The dollar likewise climbed against the Swiss franc, rising 0.7% to 1.0024 francs.

The greenback, however, was set for a monthly decline of 0.5% in October, based on the dollar index.

That would be its first fall since May and only its second this year amid expectations the US Federal Reserve could signal a less aggressive future programme of rate hikes at its policy meeting that begins on Tuesday.

“Currency markets are in wait-and-see mode ahead of the (Fed’s rate setting) FOMC meeting on Wednesday after we saw a bit more of a balanced tone from some other central banks,” Samy Chaar, chief economist at Lombard Odier, said.

“The question is will the Fed follow through - it’s not going to be a dovish pivot, it’s far too soon to loosen financial conditions - but will we get something more balanced rather than another hawkish surprise?”

Sterling fell 1% against the dollar to $1.1484. The BoE is likely to deliver a 75-basis point hike at Thursday’s meeting, although analysts said but longer-term rate expectations are coming under sustained pressure.

The euro rose 0.3% against sterling to 86.02 pence.

BoE Deputy Governor Ben Broadbent recently suggested that the borrowing costs priced by investors in the would hammer the economy, noting that Britain could engineer a “soft-landing” - a US term for bringing inflation back to target without significantly damaging the real economy.

The euro dropped 0.8% against the dollar to $0.9889. The euro barely reacted after data released on Monday that showed eurozone inflation came in hotter than expected at 10.7%, a fresh record high.

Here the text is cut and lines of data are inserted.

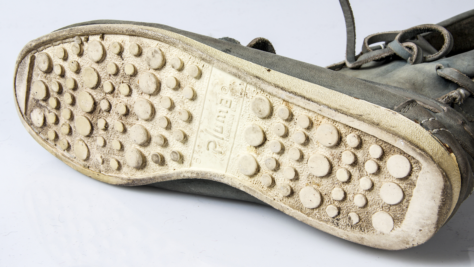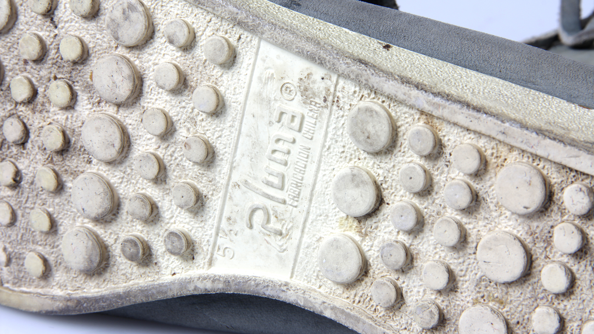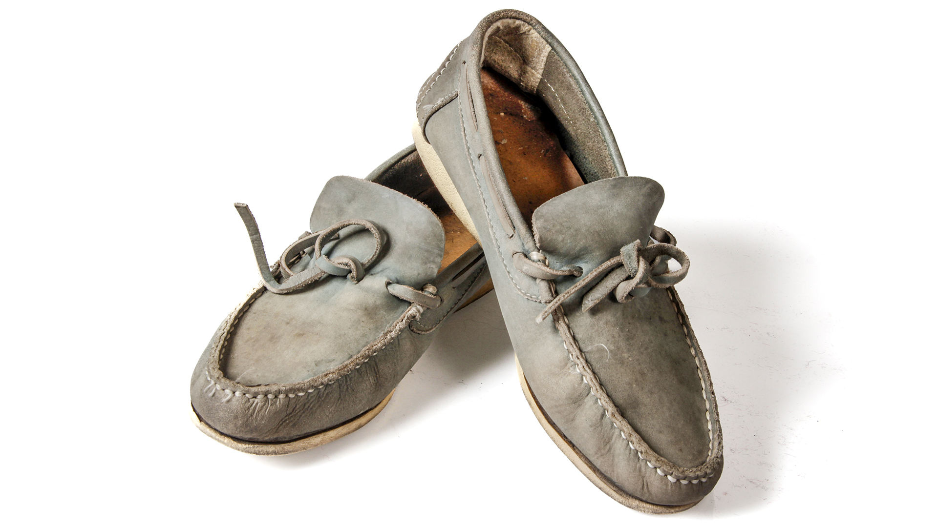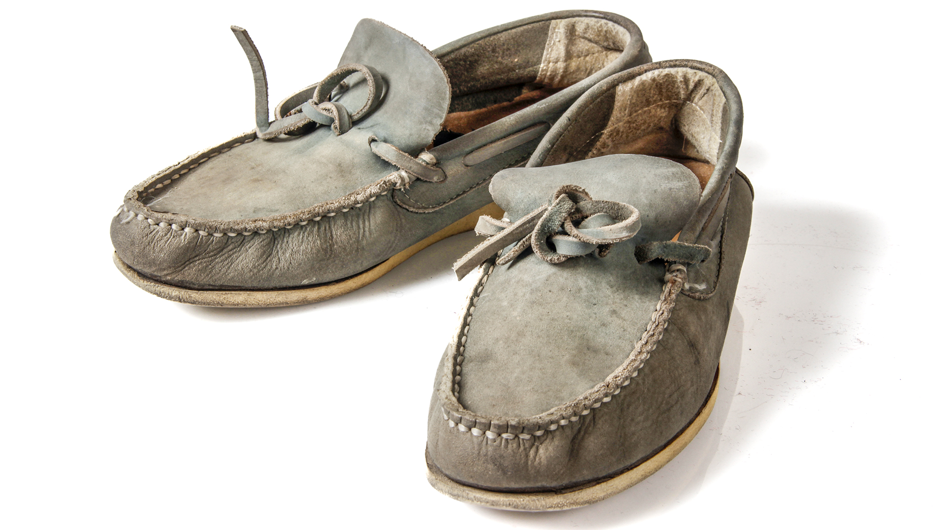 Mocasines de mujer, cuero color gris, cordón ornamental en empeine, número 5 1/2, marca Pluma, fabricación chilena de la década de los 90.
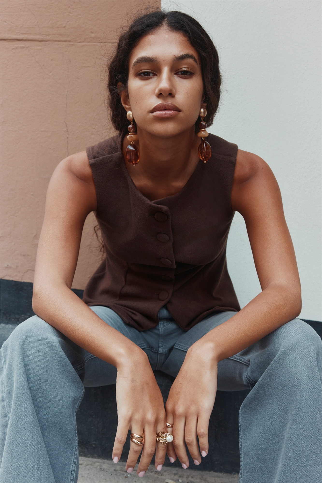 Приталенный жилет из джерси с круглым вырезом и закрытыми пуговицами спереди.
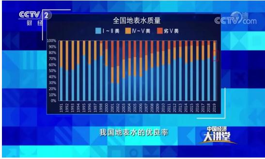 我們先來看看全國的地表水的環(huán)境質(zhì)量。2019年我國地表水的優(yōu)良率已經(jīng)達到了74.9%,這個數(shù)字比上一年提高了3.9%。
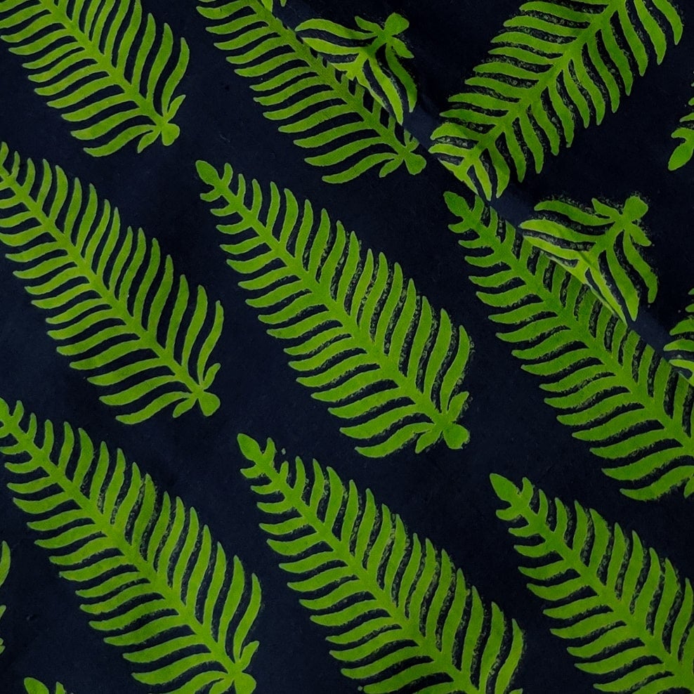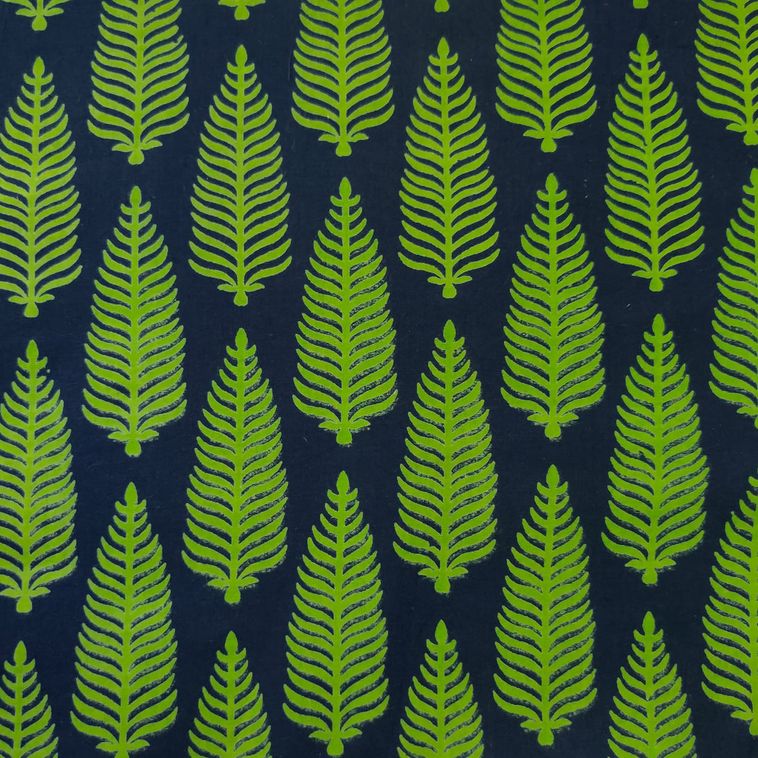 Pre-cut ( 1.70 meter)Pure Cotton Discharge Dabu Teal With Green Fern Hand Block Print Fabric
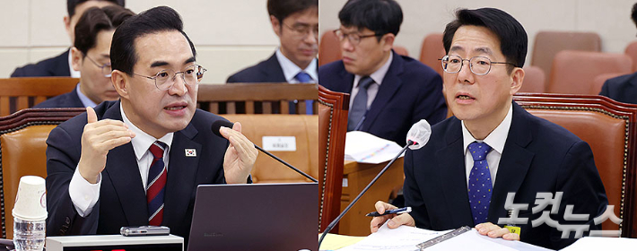 박홍근 기획예산처 장관 후보자(왼쪽), 황종우 해양수산부 장관 후보자가 23일 국회에서 열린 인사청문회에 출석해 질의에 답변을 하고 있다. 윤창원 기자
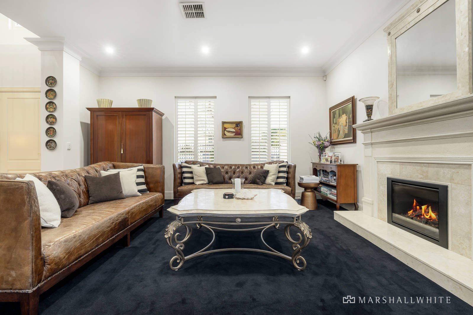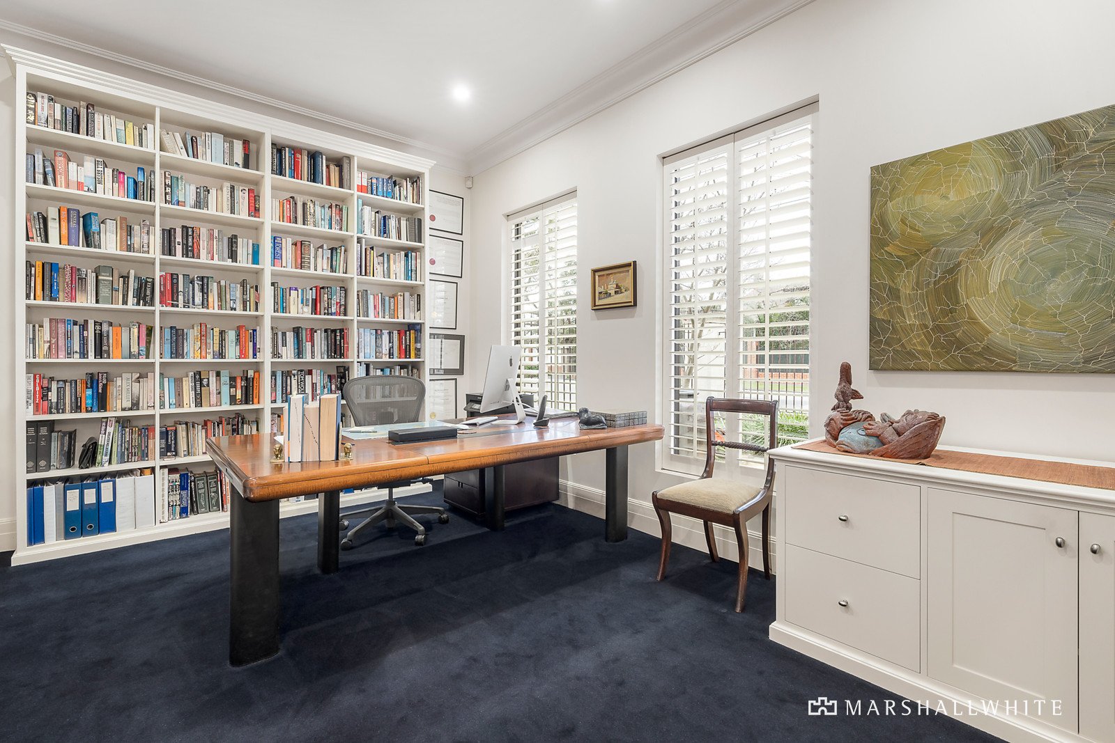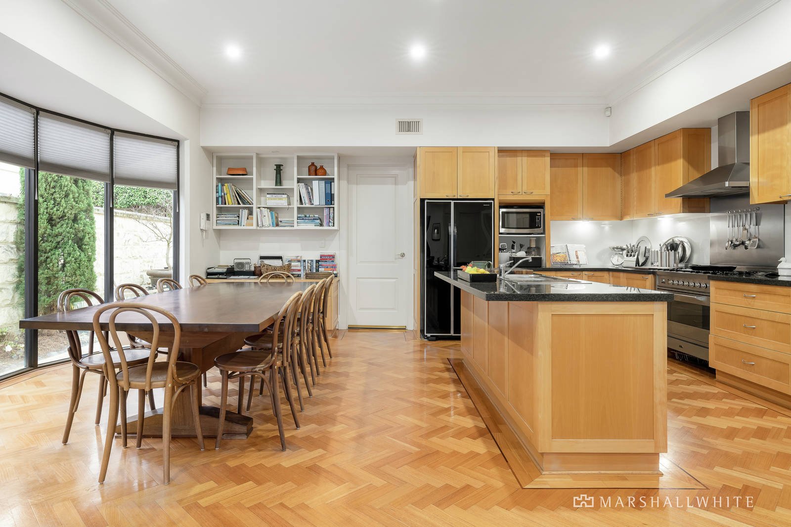 Creating a dramatic first impression, the double height reception hall featuring parquetry floors introduces a beautiful library or executive study and a gracious formal sitting and dining room with a gas log fire. Bathed in northern light, the equally expansive open plan living and dining room served by a gourmet kitchen appointed with stone benches, 90cm Ilve oven and a study nook opens to the gorgeous north-facing private landscaped courtyard. A sweeping curved staircase leads to the generous main bedroom with north-facing balcony, large walk in robe and lavish en suite with spa bath, a second king-sized bedroom with walk in robe and stylish en suite/bathroom and a spacious third bedroom with built in desk.

Elsewhere, the Chinese yuan slumped after data released on Monday showed China’s factory activity unexpectedly fell in October, weighed down by softening global demand and strict domestic COVID-19 curbs.

The dollar was last 0.8% higher against the yuan traded offshore at 7.325.

The Reserve Bank of Australia (RBA), meanwhile, is tending towards the dovish end of the spectrum and is expected to raise interest rates by a more modest 25 bp at its Tuesday meeting, even as inflation raced to a 32-year high last quarter.

The Aussie dollar was down 0.6% US$0.6375

The US dollar climbed 2% on Brazil’s Real after former president Luiz Inacio Lula da Silva narrowly defeated President Jair Bolsonaro in a run-off election.